Family in Prayer

What is S.U.P.V.?

For those new to our church, website and this blog, here’s what it’s all about: SUPV stands for the Straight Up Prayer Vigil. It is a virtual prayer vigil that happens every Wednesday (God willing). The Straight Up refers to the times of 6:00 a.m., noon, 6:00 p.m., and midnight–you choose whatever time works for you–and you pray for our church, those on prayer list, and prayer requests that are included in the blog post or are sent by email, normally at the beginning of the week for that Wednesday. 
The length of the SUPVs has grown in nature over the past couple of years, and now it’s pretty much a full-blown devotional, with specific prayer requests included.

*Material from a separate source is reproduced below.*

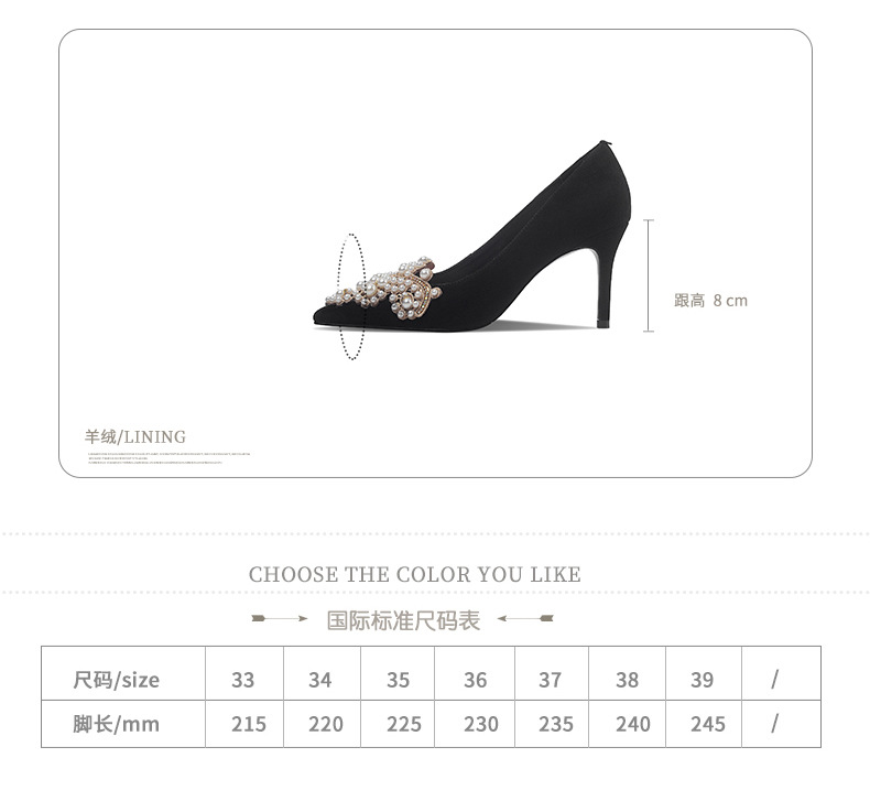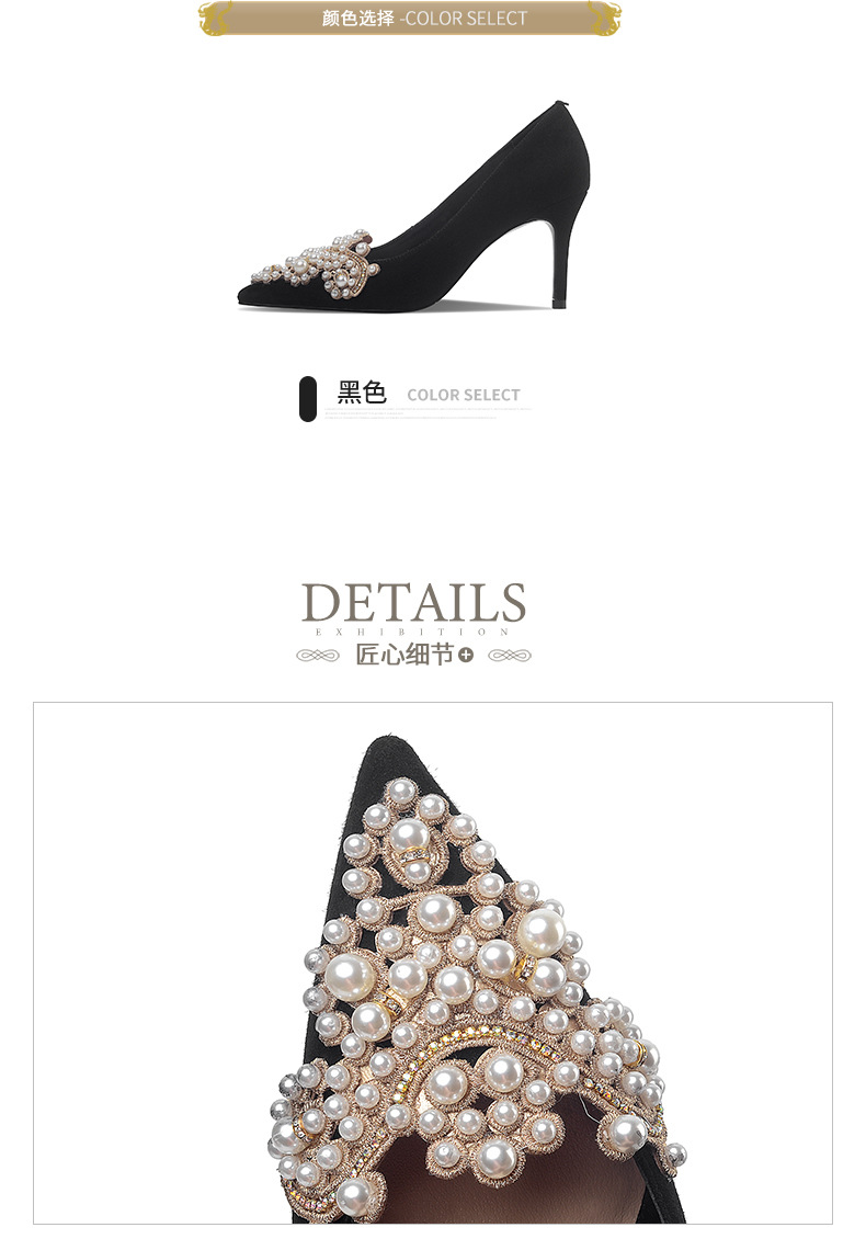 OLD-0D20新款时尚性感尖头珍珠浅口百搭细高跟鞋

May it bless you as you read it.   

February 18, 2015

“Blessed are the meek,
For they shall inherit the earth.” Matthew 5:5

 “…if My people who are called by My name will humble themselves, and pray and seek My face, and turn from their wicked ways, then I will hear from heaven, and will forgive their sin and heal their land.” 2 Chronicles 7:14

“Oh Lord it’s hard to be humble
When you’re perfect in every way.
I can’t wait to look in the mirror
Cause I get better looking each day
To know me is to love me
I must be a hell of a man.
O Lord it’s hard to be humble
But I’m doing the best that I can.”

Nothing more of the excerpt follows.